Recall that sound intensity is measured by the formula $d B=10 \log \left(\frac{I}{I_{0}}\right)$. The dripping of a faucet is 126 times as intense as the threshold of sound. How many decibels is the dripping of a faucet? Round your answer to the nearest whole decibel.

Step 1 ：Recall that sound intensity is measured by the formula \(d B=10 \log \left(\frac{I}{I_{0}}\right)\). The dripping of a faucet is 126 times as intense as the threshold of sound.

Step 2 ：The question is asking for the decibel level of the dripping faucet. We know that the intensity of the dripping faucet is 126 times the threshold of sound. We can use the formula for sound intensity to find the decibel level.

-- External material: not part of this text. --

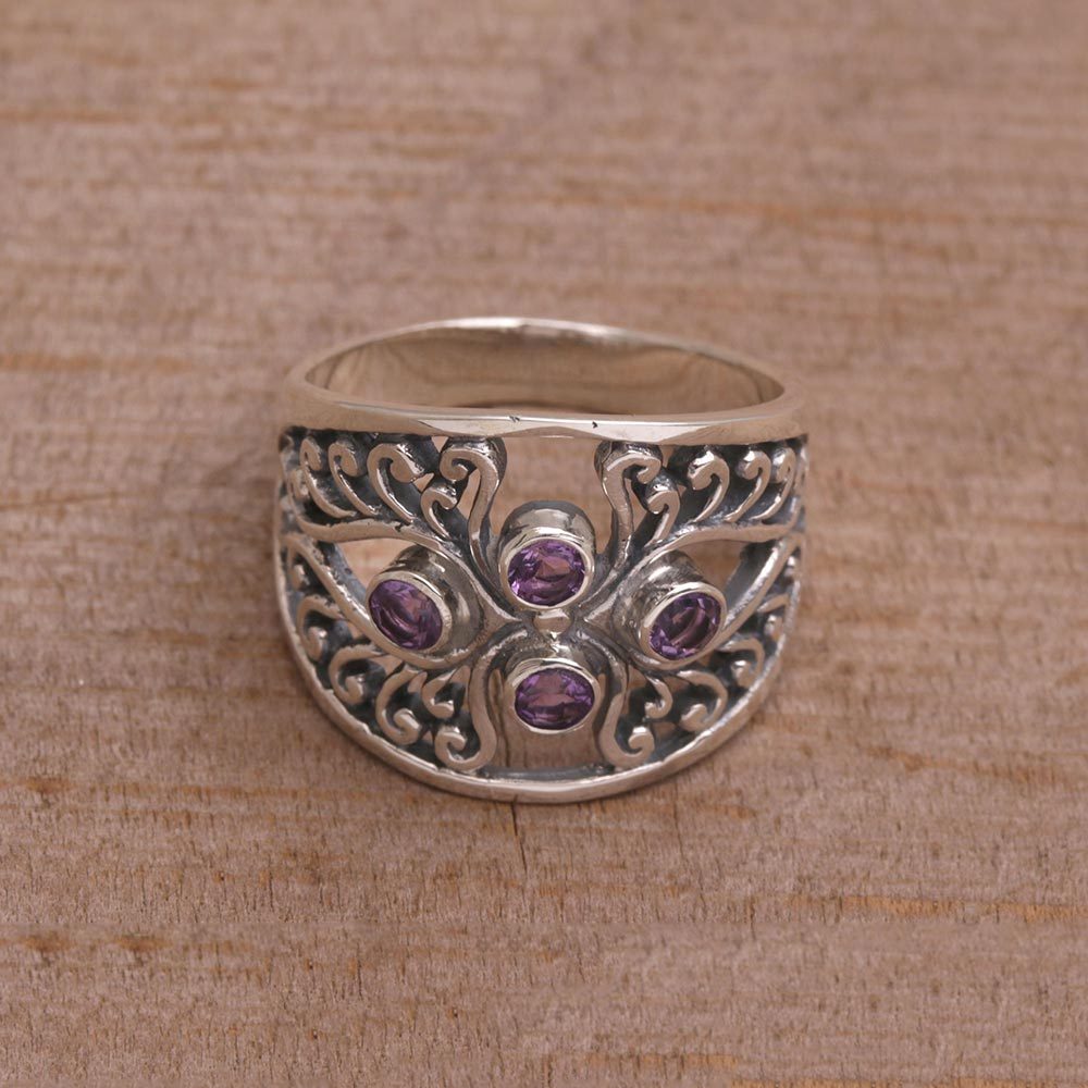 Evoking the lovely beauty of a vine, this cocktail ring from Bali is crafted of sterling silver by local artisans, who elaborate it with openwork spiral motifs. Four petite purple amethyst gemstones decorate the ring at the center. Made Sudiari designs this queenly accessory.

Step 3 ：The formula is \(d B=10 \log \left(\frac{I}{I_{0}}\right)\), where \(I\) is the intensity of the sound and \(I_{0}\) is the threshold of sound. In this case, \(I\) is 126 times \(I_{0}\), so we can substitute \(126I_{0}\) for \(I\) in the formula.

Step 4 ：Substituting the values into the formula, we get \(dB = 10 \log \left(\frac{126I_{0}}{I_{0}}\right)\).

Step 5 ：Solving the equation, we get \(dB = 21.00370545117563\).

Step 6 ：However, the question asks for the answer to be rounded to the nearest whole decibel. So, rounding off the above value, we get \(dB = 21\).

Step 7 ：Final Answer: The dripping of a faucet is approximately \(\boxed{21}\) decibels.